» Task directions: Every line from the line containing "This horse isn't" through the end of the data is to be reproduced exactly, excluding pictures.

» Data supplied:
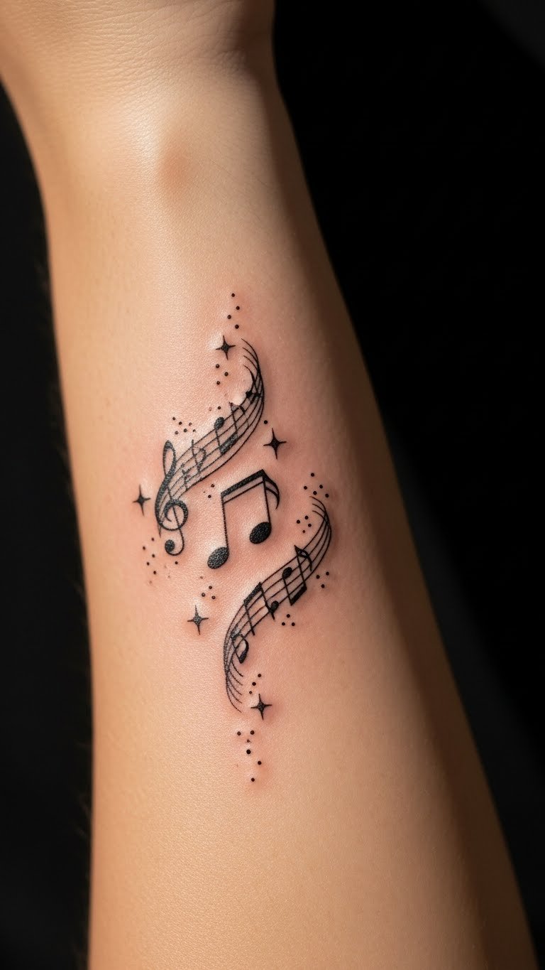 The placement on the inner forearm allows for easy visibility, serving as a daily reminder of cherished moments and the freedom that music offers. The swirling musical staffs and stars add a whimsical touch, representing the memories that dance through our minds, while the music note stands as a powerful emblem of individual stories and emotional resilience.
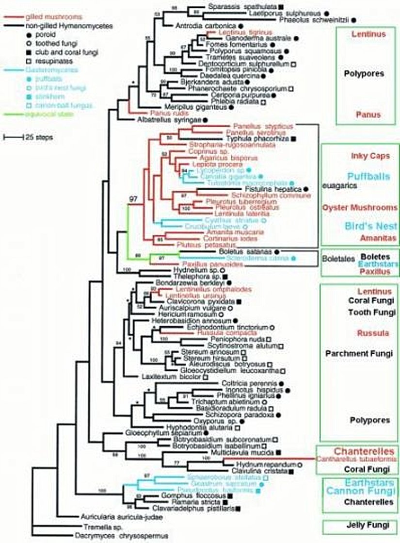Bu noktadan sonra oldukça ilginç dallanmalar görmek mümkündür. Aşağıdaki mantarlar, yukarıdaki canlıların atalarının evrimi sırasında meydana gelen dallanmalardan ve özelleşmelerden oluşmuştur:
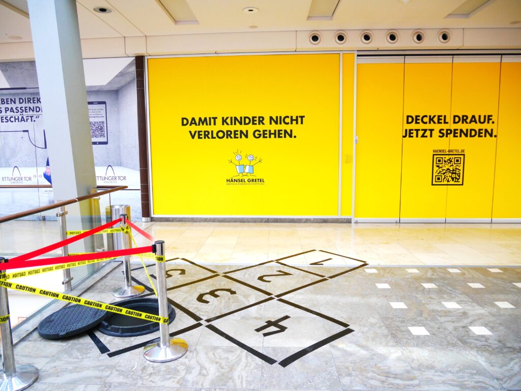 Die Deutsche Kinderschutzstiftung Hänsel+Gretel startete am Mittwoch, 22. Februar 2023, eine Aktion im ETTLINGER TOR Center Karlsruhe. Hier soll ab sofort eine 40 Quadratmeter große Schaufensterfläche auf den Kinderschutz aufmerksam machen.
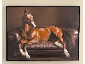 This horse isn't just sitting; it's lounging. It's the patron saint of Sunday afternoons and Netflix marathons. This piece of artwork deserves a space on your wall! You can find this artwork in the Club Bar tonight when you order a specialty drink!
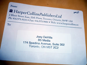 Categories HarperCollins mailing label with Joey deVilla’s work address Post author By Joey deVilla Post date July 22, 2008 No Comments on HarperCollins mailing label with Joey deVilla’s work address Leave a ReplyYou must be logged in to post a comment.
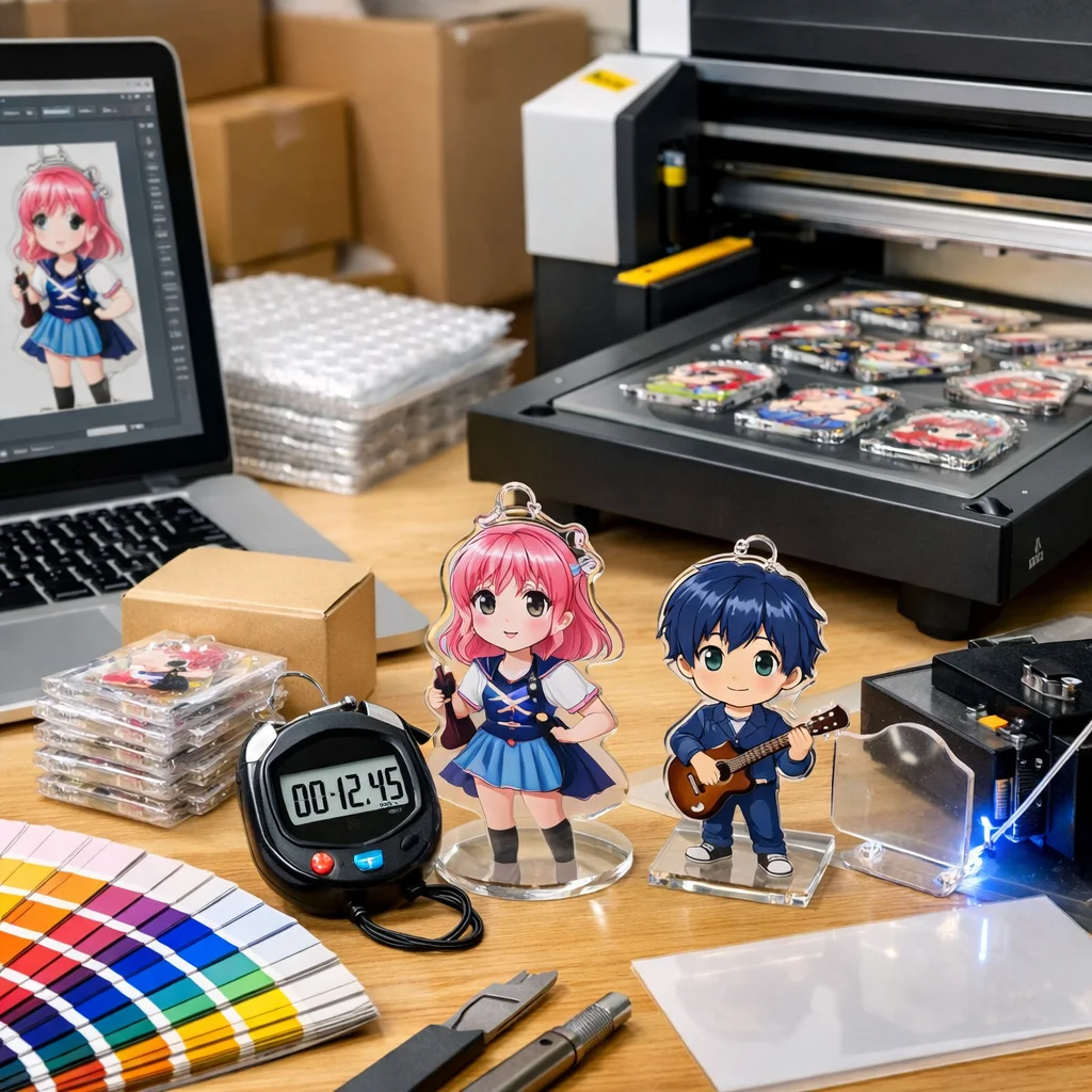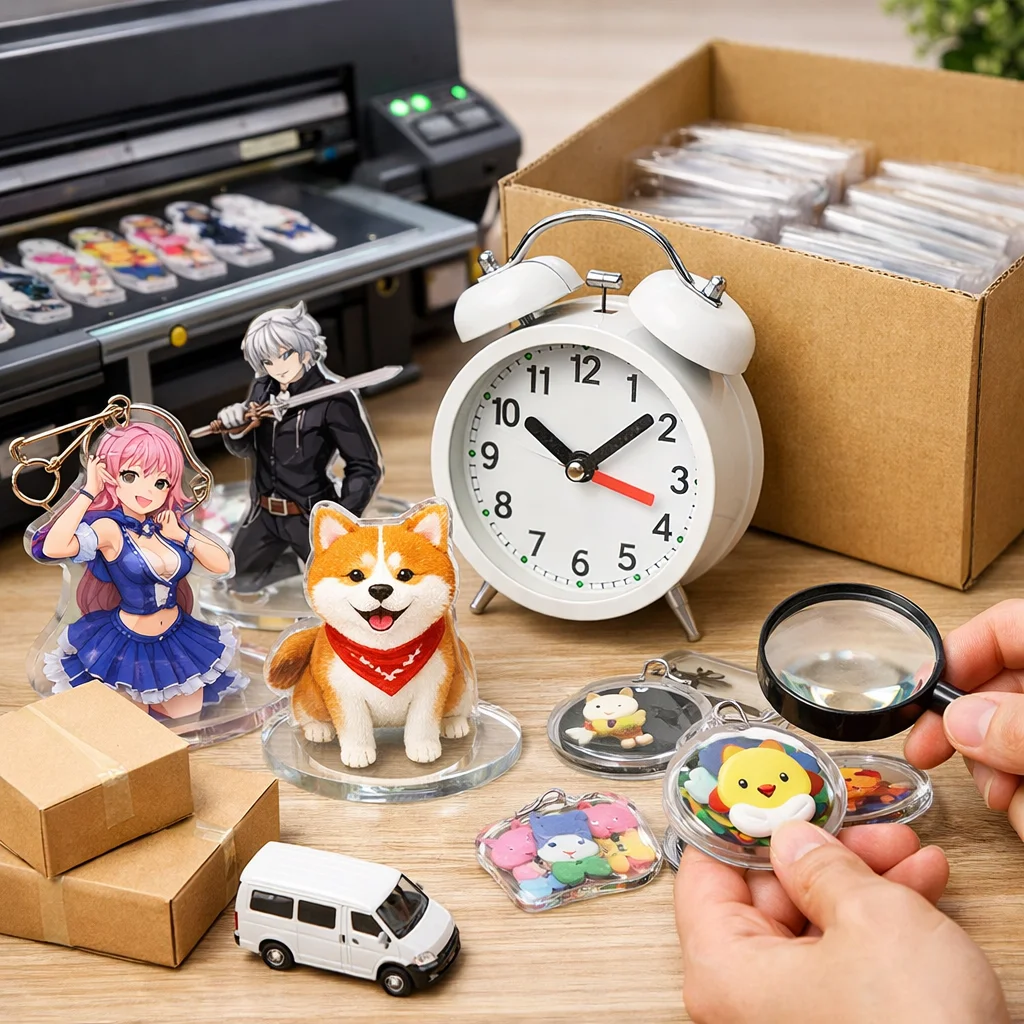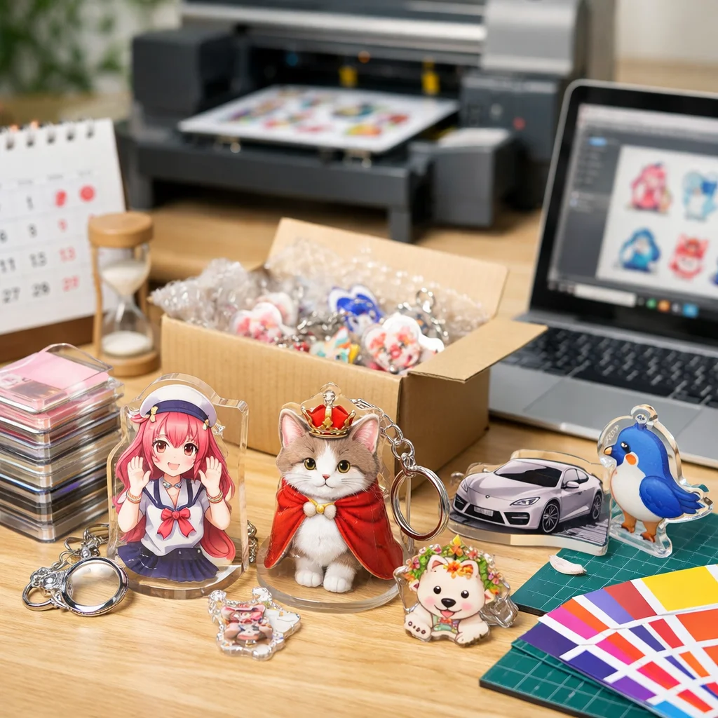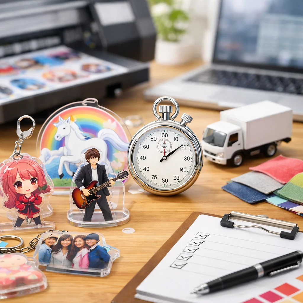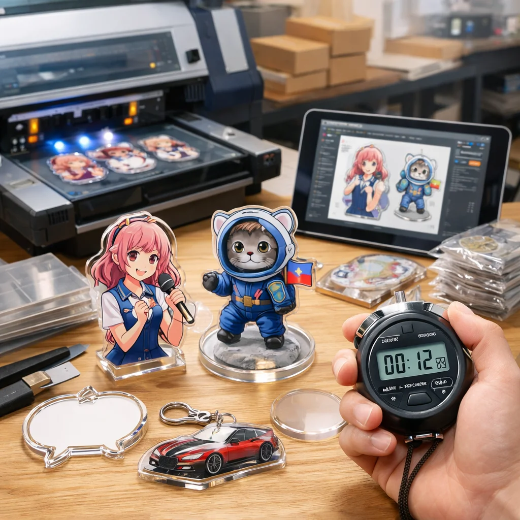 さらに、業者の繁忙期も考慮に入れる必要があります。一般的に、年末年始や大型連休前後は、アクリルグッズの需要が高まり、納期が延びがちです。こうした期間を避けてしっかりと余裕を持った発注を心がけることで、最短での納品を実現することが可能です。

» Result of this task:
 This horse isn't just sitting; it's lounging. It's the patron saint of Sunday afternoons and Netflix marathons. This piece of artwork deserves a space on your wall! You can find this artwork in the Club Bar tonight when you order a specialty drink!
 Categories HarperCollins mailing label with Joey deVilla’s work address Post author By Joey deVilla Post date July 22, 2008 No Comments on HarperCollins mailing label with Joey deVilla’s work address Leave a ReplyYou must be logged in to post a comment.
 さらに、業者の繁忙期も考慮に入れる必要があります。一般的に、年末年始や大型連休前後は、アクリルグッズの需要が高まり、納期が延びがちです。こうした期間を避けてしっかりと余裕を持った発注を心がけることで、最短での納品を実現することが可能です。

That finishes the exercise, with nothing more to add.